----- Given information -----
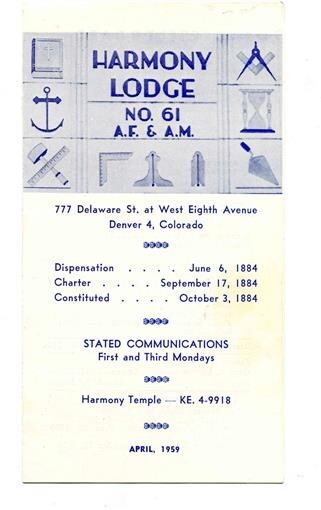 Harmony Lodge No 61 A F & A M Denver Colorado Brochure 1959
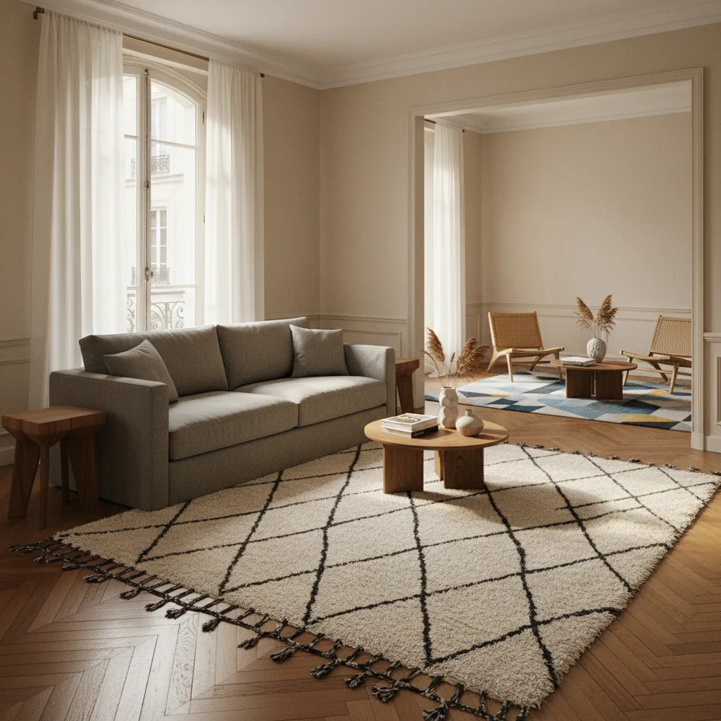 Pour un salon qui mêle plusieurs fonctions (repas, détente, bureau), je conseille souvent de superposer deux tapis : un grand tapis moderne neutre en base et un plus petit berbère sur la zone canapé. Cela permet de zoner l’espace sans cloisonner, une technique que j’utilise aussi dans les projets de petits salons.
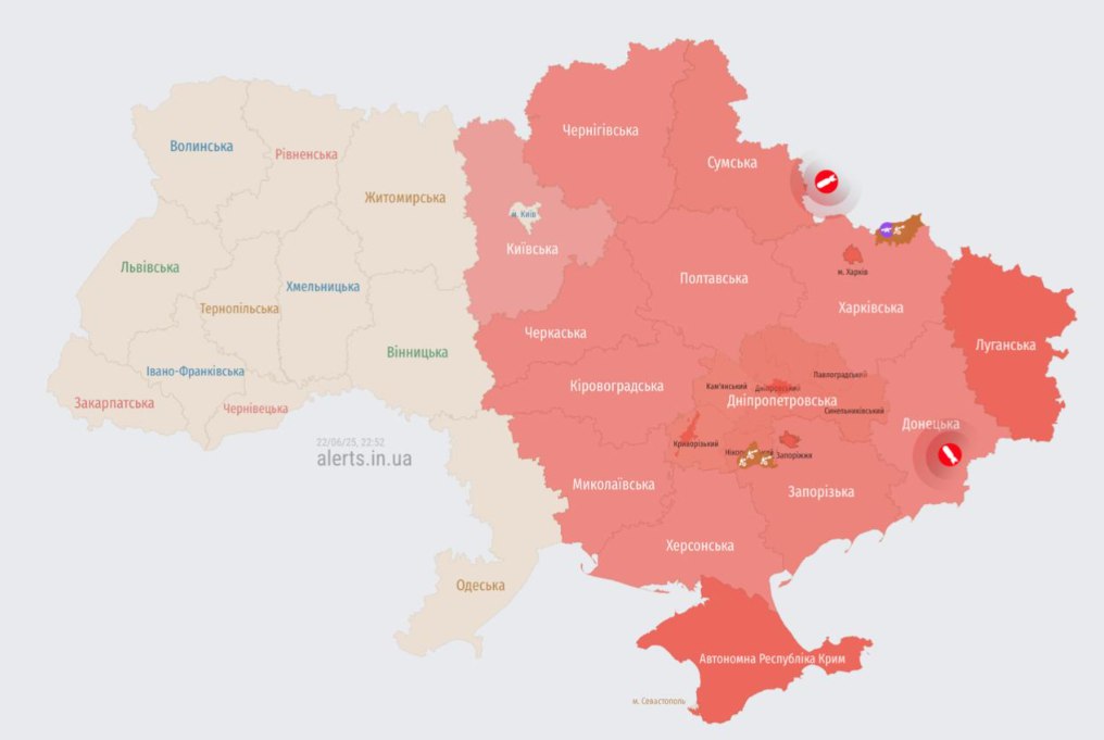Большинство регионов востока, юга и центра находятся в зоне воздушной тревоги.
-----
Could you write out every line above exactly as it stands, with no images?

→ **Finished exercise**:
 Harmony Lodge No 61 A F & A M Denver Colorado Brochure 1959
 Pour un salon qui mêle plusieurs fonctions (repas, détente, bureau), je conseille souvent de superposer deux tapis : un grand tapis moderne neutre en base et un plus petit berbère sur la zone canapé. Cela permet de zoner l’espace sans cloisonner, une technique que j’utilise aussi dans les projets de petits salons.
Большинство регионов востока, юга и центра находятся в зоне воздушной тревоги.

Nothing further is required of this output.